President Donald Trump did not participate in the formal talks on global warming at the G-7 summit, and the U.S. is no longer committed to the Paris climate agreement – but Hawaii Gov. David Ige continues to pledge support for increased climate protections. He signed a bill in 2017 to adopt goals of the Paris agreement for his state, which already has among the lowest levels of carbon emissions in the country, and he signed three bills earlier this month that aim to make Hawaii carbon neutral by 2045.

Ige expressed concern about Hawaii's future in his state of the state address in January: "(T)he challenges to our island environment, such as global climate change, stare us in the face every single day."

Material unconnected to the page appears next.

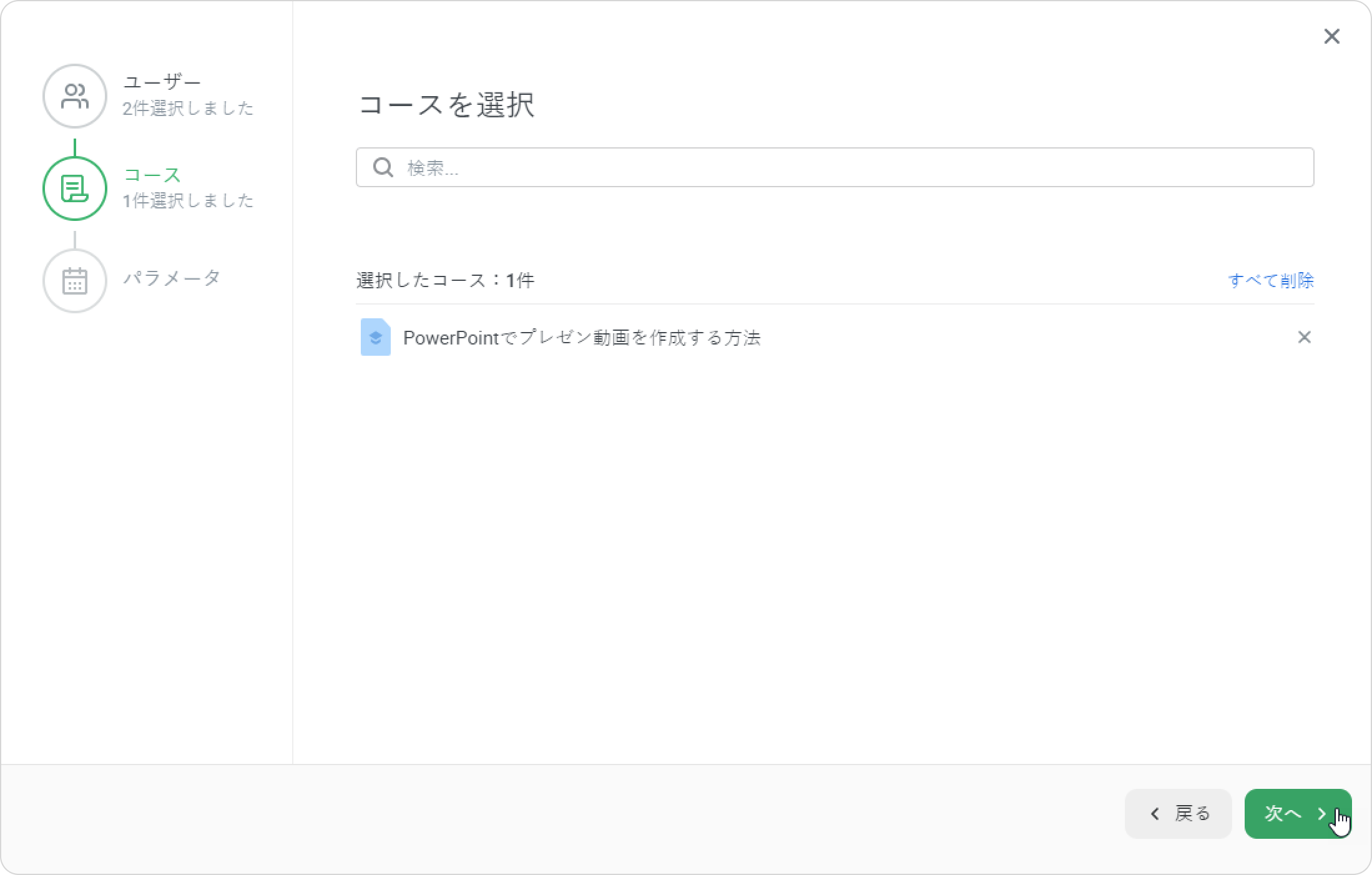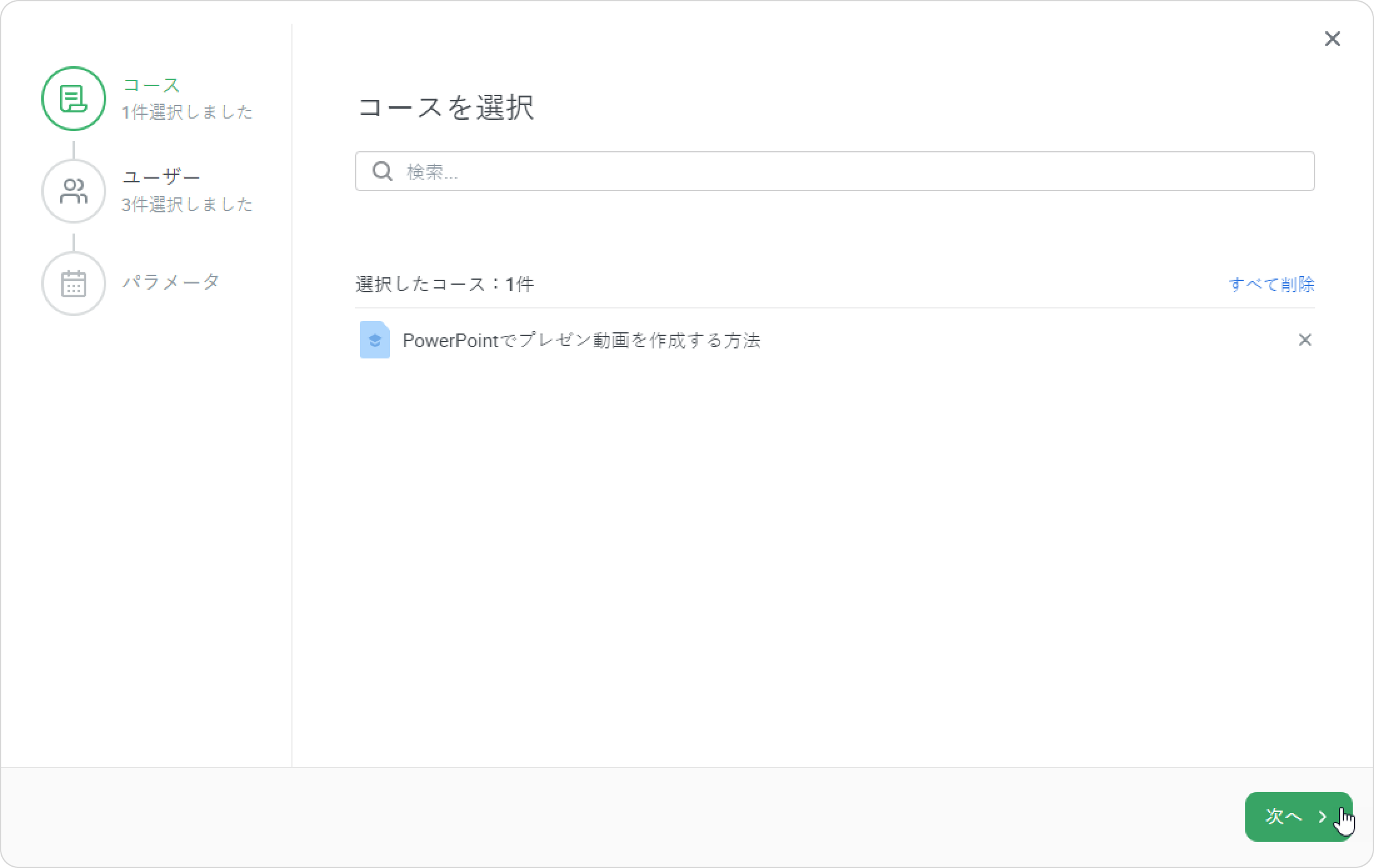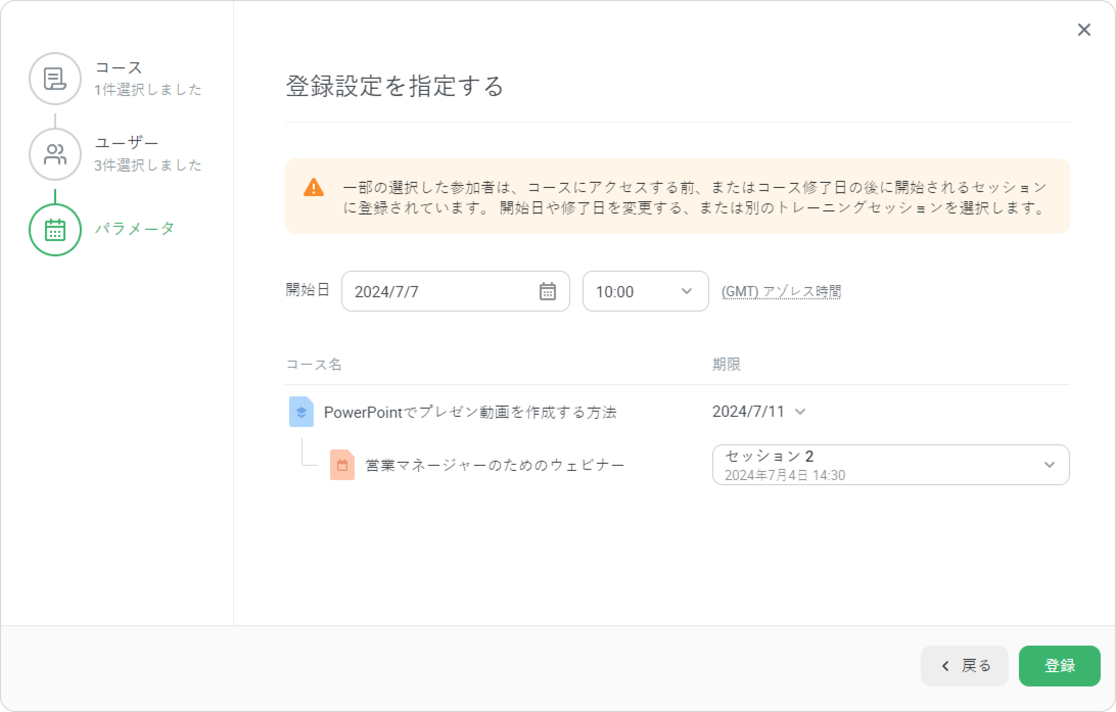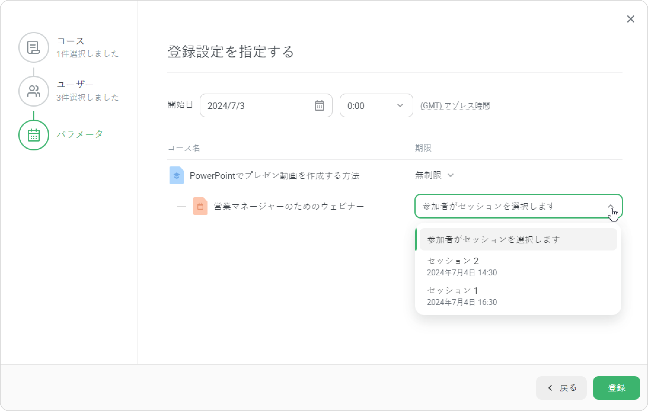 - 登録ウィンドウには3ステージあります。ユーザー →コース→パラメータ。

One of the bills signed on June 5, HB 2182, reflects the growing anxiety around the state's future: "According to the Hawaii Sea Level Rise Vulnerability and Adaptation Report released in December 2017, Hawaii could suffer $19,000,000,000 in damage due to projected sea level rise," it states. The bill aims to reduce the state's carbon emissions progressively, until becoming completely carbon neutral by 2045, and encourages companies to reduce their carbon offset by investing in environmentally friendly projects such as reforestation and renewable energies.

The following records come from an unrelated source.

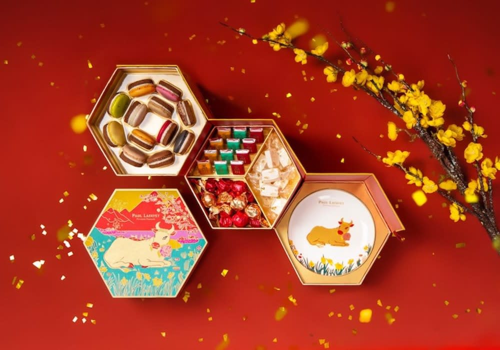 Popular patissier Paul Lafayet’s Golden Ox gift box 2021 ($688) is a three-tiered festive treat. The first tier showcases the bakery’s brand-new dessert creation, the cookiron, which is macaron-cookie hybrid filled with Madagascan vanilla cream ganache – a textural delight. In the second tier, an assortment of French confections await, from pistachio and almond nougat to hazelnut milk pralines. You can serve these goodies on the specially designed collectable bone-china plate in the bottom tier. In-store collection from 25 January.
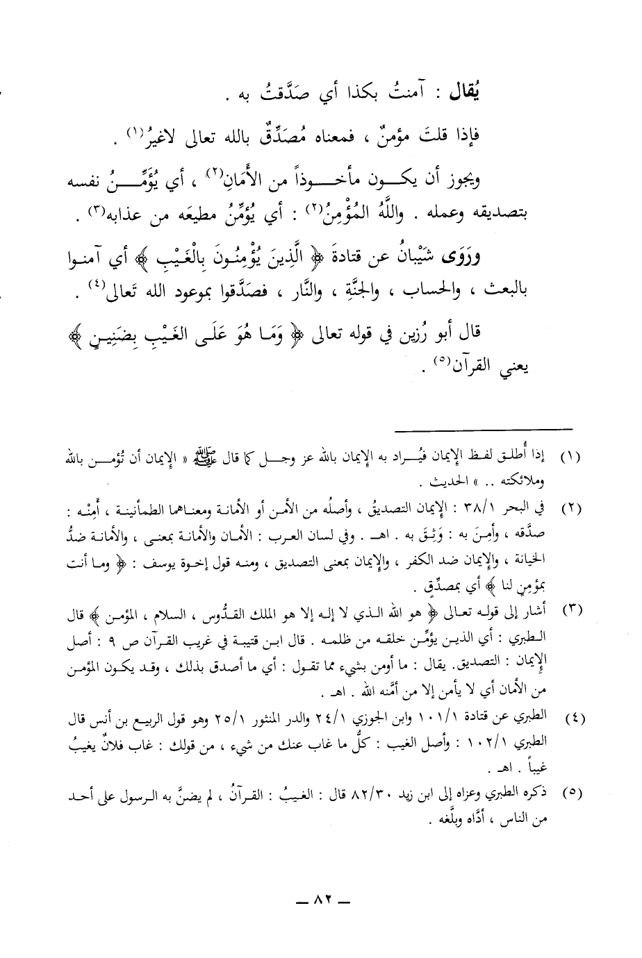 يقال آمنت بكذا أي صدقت به فإذا قلت مؤمن فمعناه مصدق بالله تعالى لا غير ويجوز ان يكون مأخوذا من الأمان أي يؤمن نفسه بتصديقه وعمله والله المؤمن أي يؤمن مطيعه من عذابه
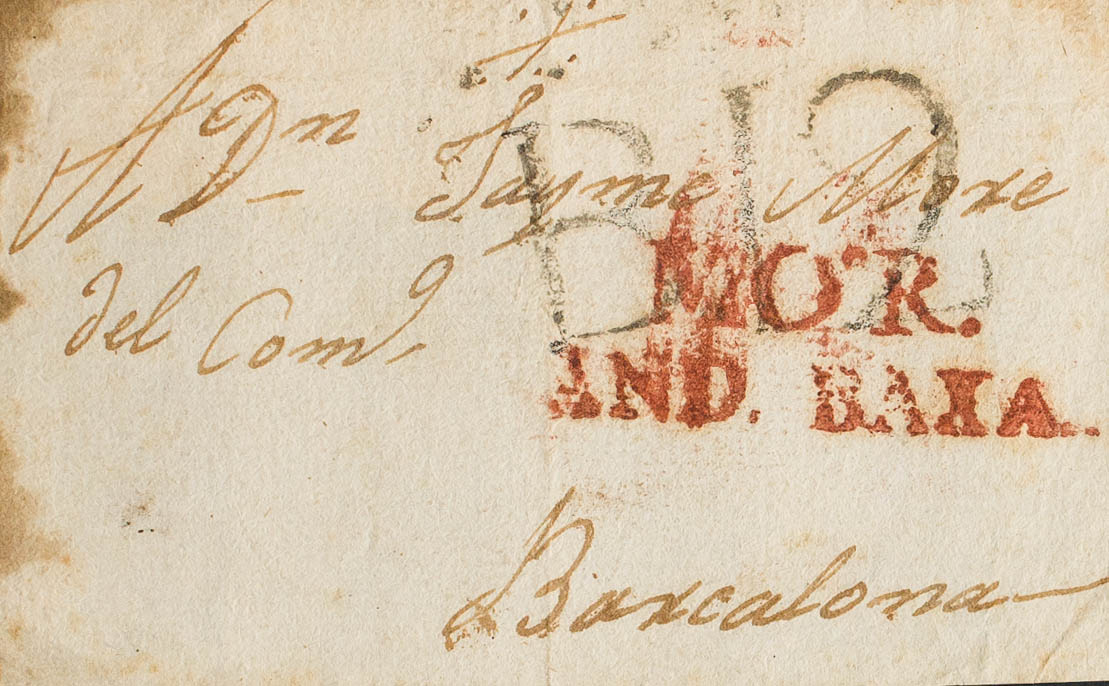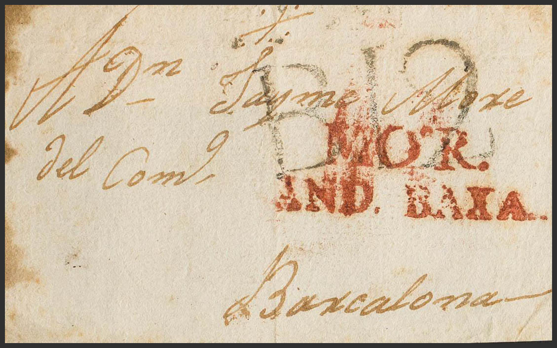 (1804ca). Front from MOTRIL to BARCELONA. MOR brand. /AND. BAXA, in Motril red (PE2) 2004 edition. MAGNIFICENT AND VERY RARE, THIS BRAND WAS ONLY APPLIED FOR ONE YEAR.
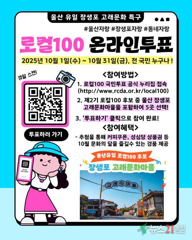 서동욱 남구청장은 “장생포 고래문화마을은 우리 울산의 관광 랜드마크이자 이번 대국민 투표를 통해 고래문화마을이 울산을 넘어 대한민국과 전 세계가 주목하는 문화관광 매력으로 다시금 인정받을 수 있도록 지지와 투표를 바란다”며 “로컬100 공식 누리집에서 진행되는 온라인 국민투표에서 고래문화마을에 소중한 한 표를 행사해 달라”고 강조했다.

The bill also creates a greenhouse gas sequestration task force to "examine opportunities to exploit carbon sequestering trees and vegetation to reduce urban temperatures and thereby protect public health." Another goal of this initiative is to increase the use of compost in Hawaii to help improve the soil's health.

The bill was accompanied by two other bills signed the same day: HB 2106 requires all new building projects to include a sea level rise analysis, and HB 1986 provides a framework to use carbon offsets to fund tree planting projects.

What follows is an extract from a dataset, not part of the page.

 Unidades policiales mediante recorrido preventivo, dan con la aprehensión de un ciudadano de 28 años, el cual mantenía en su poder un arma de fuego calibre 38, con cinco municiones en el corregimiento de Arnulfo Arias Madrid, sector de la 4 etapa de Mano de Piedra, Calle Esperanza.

The state will provide incentives such as loans, tax credits and grants to push companies and individuals to invest in environmentally friendly procedures. These incentives are intended to encourage new agricultural and aquacultural activities that would increase carbon sequestration and enhance crop yields. The state also plans to support research and provide technical assistance to find alternatives to carbon-emitting processes.

According to a report by the National Climate Assessment, a government interagency dedicated to analyzing the effects of climate change in the U.S., the increase in ocean temperatures and acidification is leading to the destruction of marine life, affecting coral reef and fish communities in Hawaii. The NCA report also states that sea-level rise is putting populations and infrastructures at risk, especially on the coasts.